PROMPT:
Your job is to give again, exactly and with no additions, the lines in the records below from the one with "Un momento de" through the one with "Figura 2. La", both included. Omit the pictures.

Data excerpts:
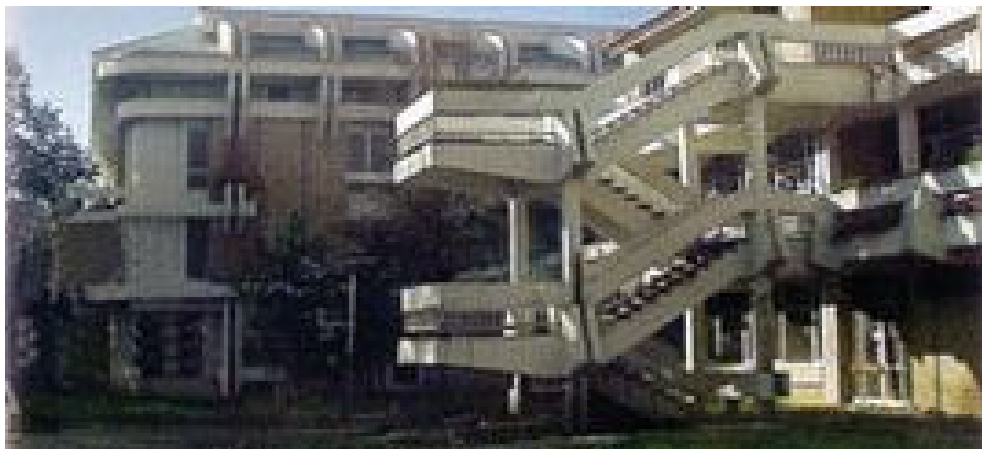
Школа општег здравља и лепоте Милутин Миланковић

Јула 2007. године отворена је обновљена родна кућа Милутина Миланковића у Даљу. Идеја је да она постане спомен-центар. Сарадња на обнови куће означава и симболично враћање дуга Србије и Хрватске Миланковићу.
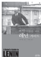
삐딱이들을 위한 레닌 가이드 이안 버철 / 2,000원
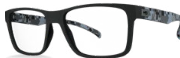
Matte Black D. Graphite Ref. 10101080246010
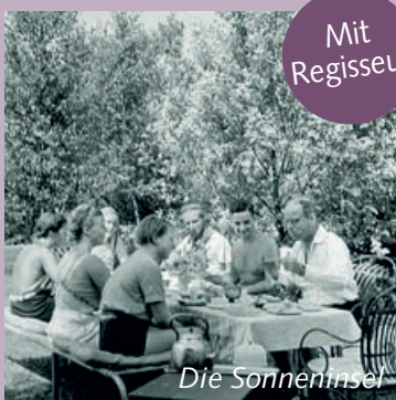
Der letzte Jolly Boy
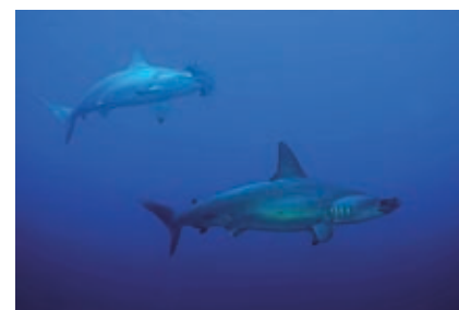
Een school van ontelbare hamerhaaien boven je hoofd, is een fantastische belevenis.
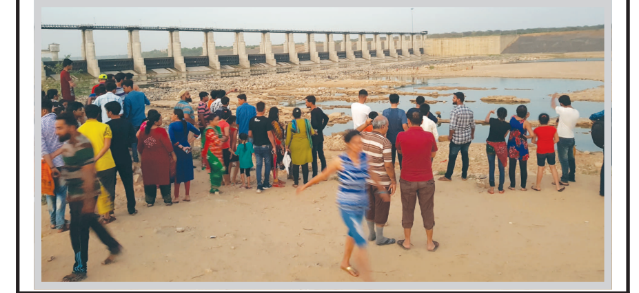
સિકચુરીટી ગાર્ડ ઉપરાંત આ પોઈન્ટ ઉપર 'લાઈફગાર્ડ' મુકવા જરૂરી બન્યા : જોખમી બનેલા આ પીકનીક પોઈન્ટ ઉપર ચોકકસ ગાર્ડ લાઈન તૈયાર કરવાની તાતી જરૂર

નદાવા પડેલા વધુ બે યુવાનો ડુબી ગયા : બેજવાબદાર તંત્રને સંત સરોવરમાં ડુબવાના વધતા કિસ્સાઓ અટકાવવામાં કોઈ રસ નથી
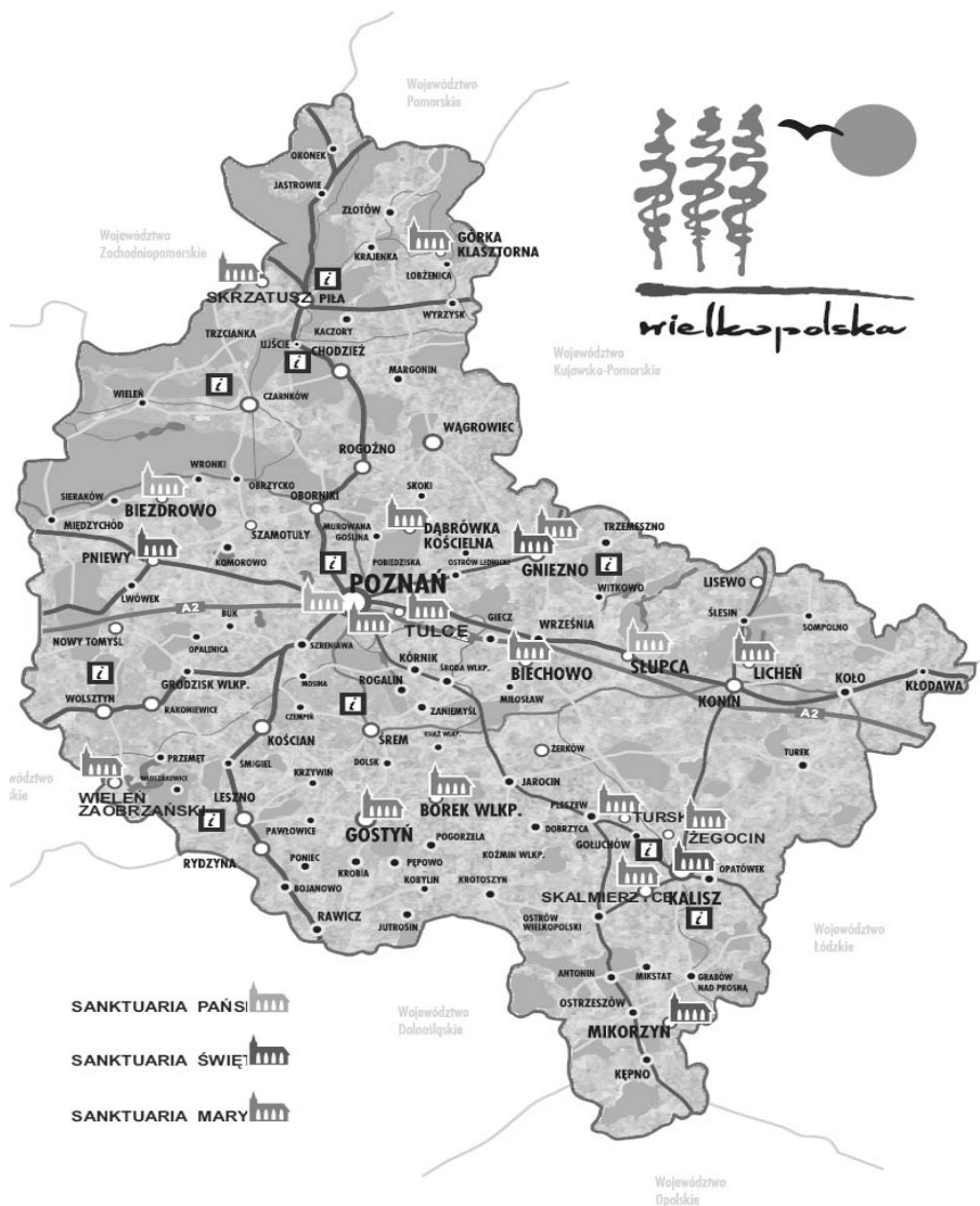
Rys. 1. Miejsca pielgrzymkowe w Wielkopolsce

Nawiązuje kontakty z przejawami bardzo wielu religii zarówno starożytnych, jak i dziś funkcjonujących” 9 .
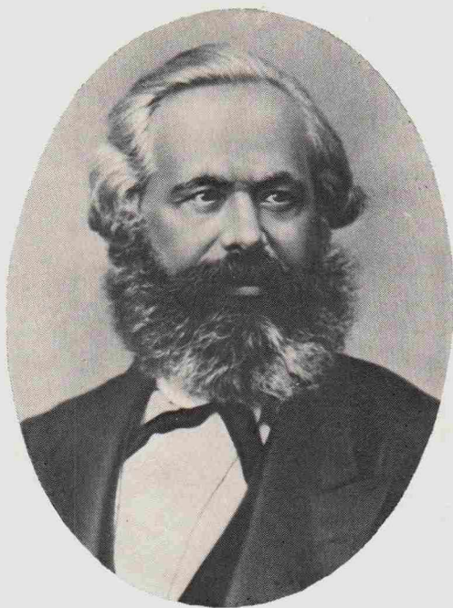
KARL MARX (1818 — 1883)
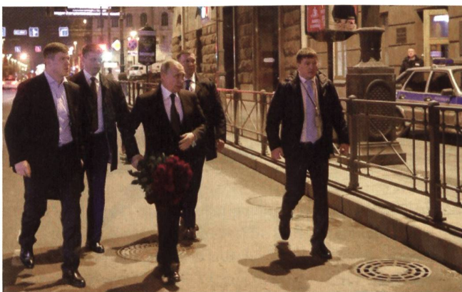
Präsident Putin bringt Blumen zum Tatort am Sennaja-Platz.
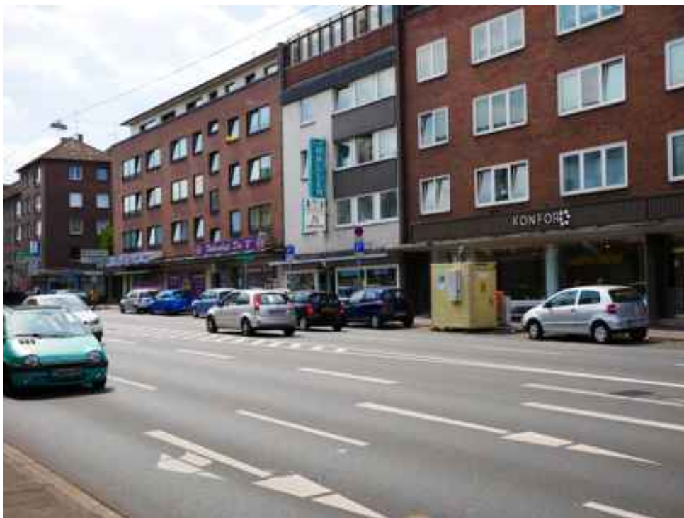
Abbildung 15: Zusätzliche Ansicht - Oberhausen Mülheimer Straße (Juli 2018)
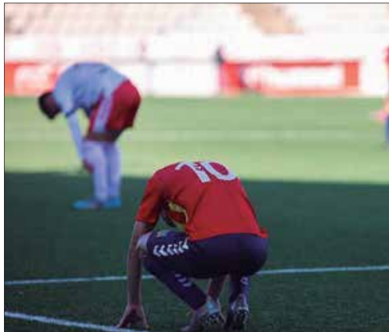
El FC Vilafranca tanca el curs amb 30 punts. ✱ FC VILAFRANCA

Així, el Vilafranca ha acabat la temporada en catorzè lloc, amb 30 punts, a només un del Badalona, que va firmar un empat amb el Tona (1-1) que evitava ensurts de darrera hora i permetia als dos equips acabar de certificar la per-
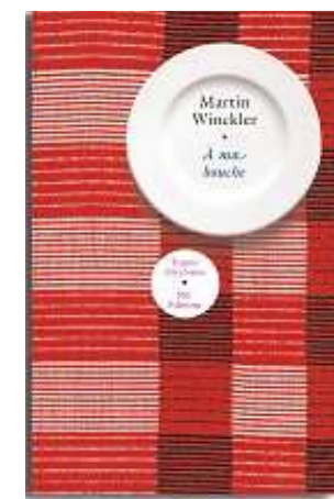
Martin Winckler A ma bouche

Nil éditions 24, avenue Marceau - 75008 Paris Service de presse Tél. : 01 53 67 14 59 sperrier@robert-laffont.fr
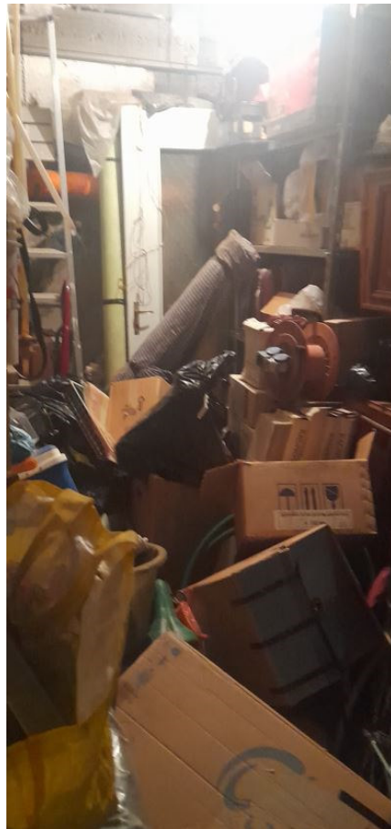
Foto 10 - Cantina
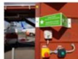
Location at Ramp
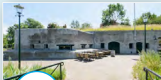
Fort aan de Drecht
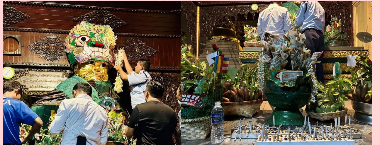
วิธีการขอพรจากแม่ยักษ์

พาท่านเดินไปขอพรที่ แม่ยักษ์ ผู้ปกป้องดูแลเจดีย์ คนพม่าเชื่อว่าแม่ยักษ์... จะช่วยในการตัดกรรมจากเจ้ากรรมนายเวร โดยเฉพาะอย่างยิ่งผู้ที่มีเวรกรรมกับเจ้ากรรมนายเวรทั้งหลายช่วยขจัดเคราะห์กรรม ขจัดอุปสรรค ติดขัดต่างๆ ความสำเร็จอธิษฐานขอให้ท่านช่วย ให้ชีวิตของคุณมีแต่ดีขึ้นเรื่อยๆ ซึ่งถ้าหากคุณกำลังมีทุกข์และหาหนทางไม่ออก ก็ลองมาไหว้ขอพรแม่ยักษ์ให้ช่วยบันดาลให้สิ่งร้ายๆ สิ่งไม่ดี ออกไปจากชีวิต และขอให้ชีวิตมีแต่สิ่งดีๆ เข้ามา นอกจากนี้ยังเชื่อกันว่าแม่ยักษ์... ยังช่วยเรื่องความมีชื่อเสียงโด่งดัง เป็นที่รู้จักก้าวหน้าในหน้าที่การงาน ใครที่ตกงานอยู่ จุดนี้เป็นอีกหนึ่งจุดที่ต้องห้ามพลาด ปล.แม่ยักษ์จะประดิษฐานอยู่ติดกับบันไดประตูทางทิศตะวันออกเฉียงใต้
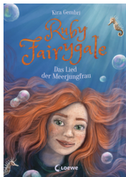
Ruby Fairygale (Band 7) - Das Lied der Meerjungfrau
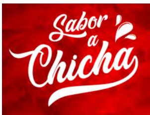
Sabor a chicha
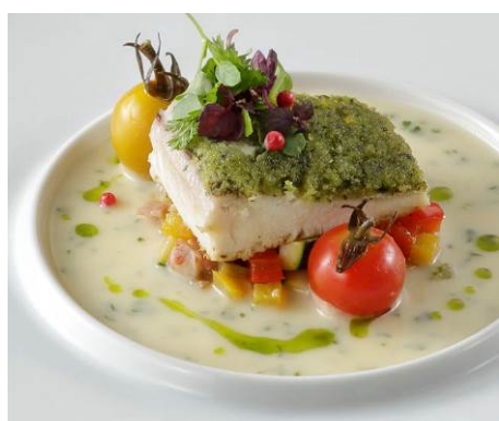
愛媛県産シマアジのバジル風味パン粉焼き ジュドコキヤージュ
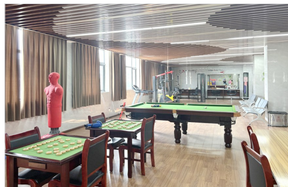
日间照料中心活动室

在家门口就能吃上营养美味的饭菜、享受便捷的基础医疗服务、参与多种文娱活动、享受专业化养老服务……今年以来,翟庄街道加大力度补齐短板提升基层服务能力,以增进民生福祉为出发点和落脚点,加快建立以居家为基础、社区为依托、机构为支撑的养老服务体系,让基层治理在养老服务中开花结果。
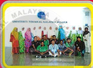
Bergambar Kenangan Di Kampus Industri
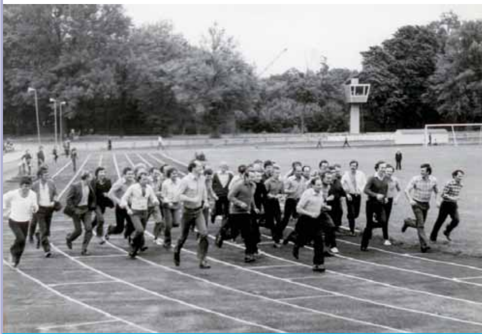
Стадион «Балтика». День бегуна. 80-е годы прошлого столетия.
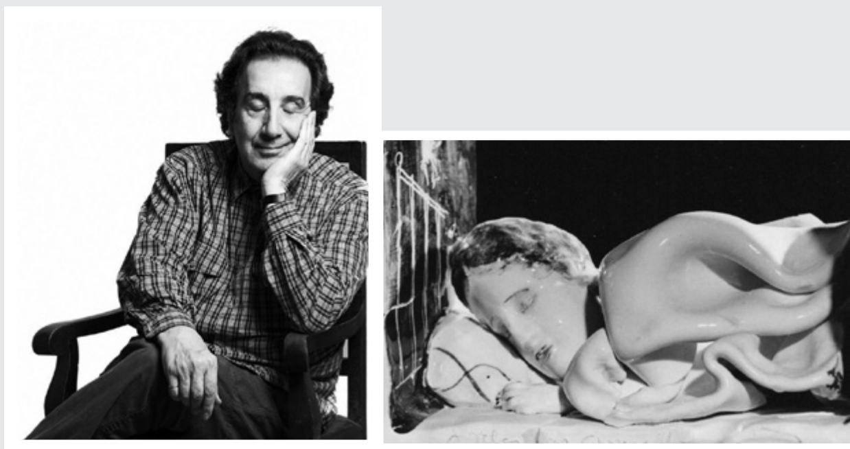
Όνειρα και ομιλούσες φωτογραφίες.
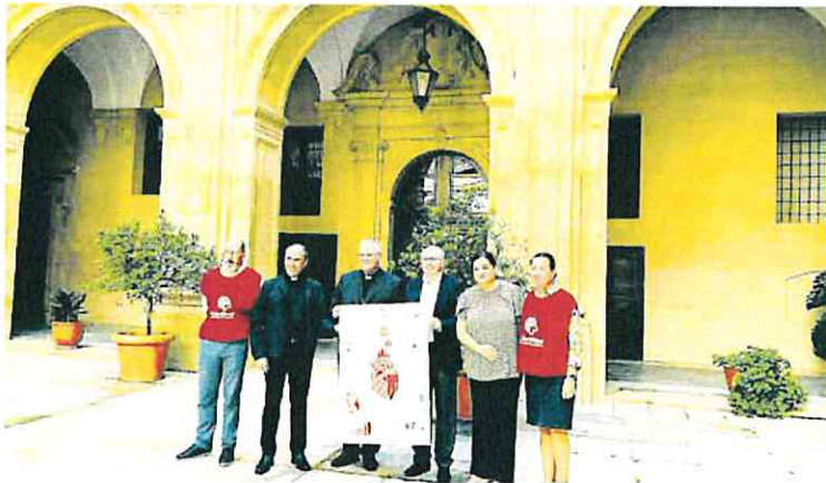
Un momento de la presentación de la memoria institucional de Cáritas, ayer en Murcia.
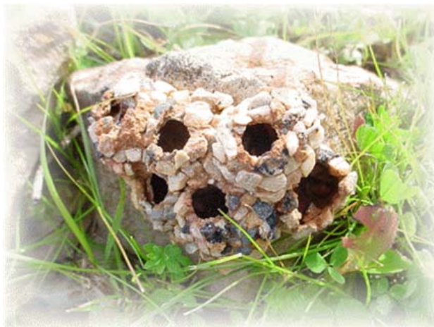
Figura 2. La forma de comunidad territorialmente definida hoy juega un papel menor en la reestructuración de las relaciones sociales. (Alrededores de Badajoz, 25/12/03.) En: Sociedad y territorio ( http://www.unex.es/eweb/sociolog/giesyt_menu2.htm ) [Consultado: 11, 3, 2005]

son las entidades con mayor aptitud para la diferenciación. [...] Son las culturas locales las que están marcadas por una fuerte impronta homogenizadora, al seguir utilizando el criterio de atribución de identidades basado en el lugar de nacimiento o en el lugar de residencia.”(Echeverría, pp.148 -149). Observamos entonces que la comunidad territorialmente definida jugaría hoy un papel menor en la reestructuración de las relaciones sociales (Castells, 1983), ya que la gente no construiría su significado en las sociedades locales, exclusivamente, dado que seleccionaría sus relaciones en base a sus afinidades. (Fig.2)
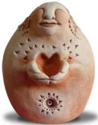
Estátua criada por Debbie Berrow www.bellpineartfarm.com
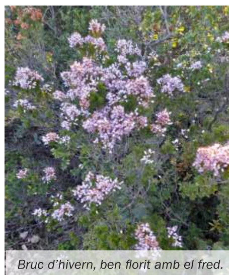
Bruc d'hivern, ben florit amb el fred.
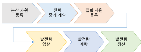
그림 2 전력중개 프로세스

전력중개시스템의 비즈니스로직 설계를 위한 전력중개 프로세스는 그림 2 와 같다. 먼저, 발전사업자는 전력중개시장에 분산자원을 등록한다. 발전사업자는 등록된 분산자원의 발전전력에 대한 판매 권한을 중개사업자에게 위임하거나 분산자원 유지보수 등의 부가서비스를 제공받기 위하여 전력중개사업자와 중개계약을 체결한다. 전력중개사업자는 계약 체결한 분산자원들을 집합자원화하여 전력중개시장에 등록하고 등록된 집합자원의 발전량을 예측하여 발전량 입찰에 참가한다. 전력중개시스템은 계약 체결된 집합자원의 발전량 데이터를 계측 및 기록하고 시간대별 전력 가격 및 인센티브 등을 고려하여 집합자원의 발전전력에 대한 판매 수익을 정산한다.
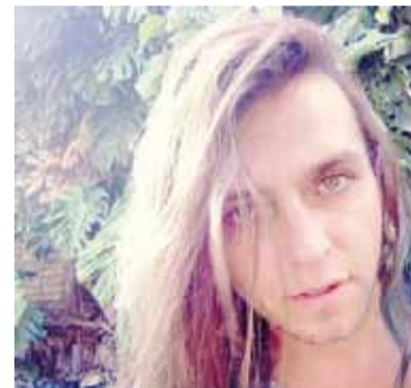
La víctima era oriunda de Tucumán.

Con el análisis de cámaras de seguridad, testimonios y peritajes forenses, la causa avanzó en las últimas horas. Como resultado
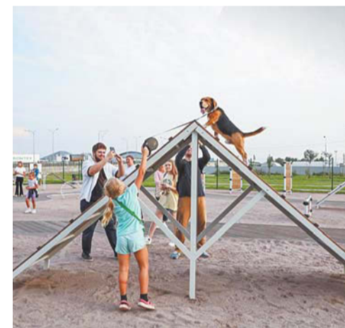
Площадка для выгула и дрессировки собак: Витебский проспект, 101
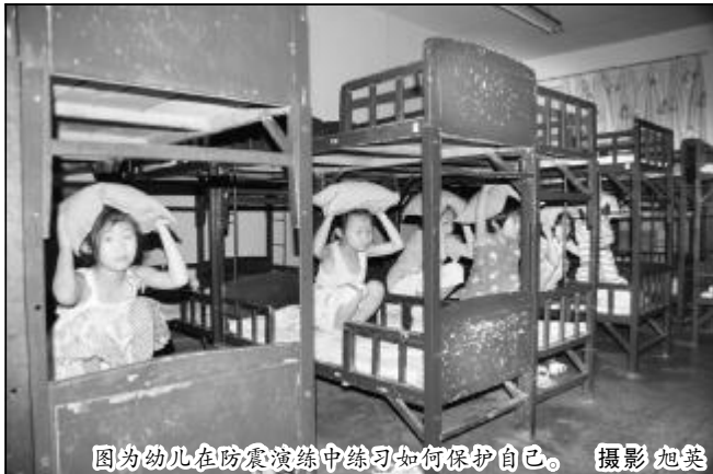
因为幼儿在防震演练中练习如何保护自己。

在深入开展学习实践科学发展观活动中,山西铝厂离退休管理服务中心家属委员会,以科学发展观为指导,本着以人为本,服务居民的思想,结合工作实际开展了“四门”活动,即:敲门、串门、心门、出门。

FINISHED EXERCISE:
Un momento de la presentación de la memoria institucional de Cáritas, ayer en Murcia.
Figura 2. La forma de comunidad territorialmente definida hoy juega un papel menor en la reestructuración de las relaciones sociales. (Alrededores de Badajoz, 25/12/03.) En: Sociedad y territorio ( http://www.unex.es/eweb/sociolog/giesyt_menu2.htm ) [Consultado: 11, 3, 2005]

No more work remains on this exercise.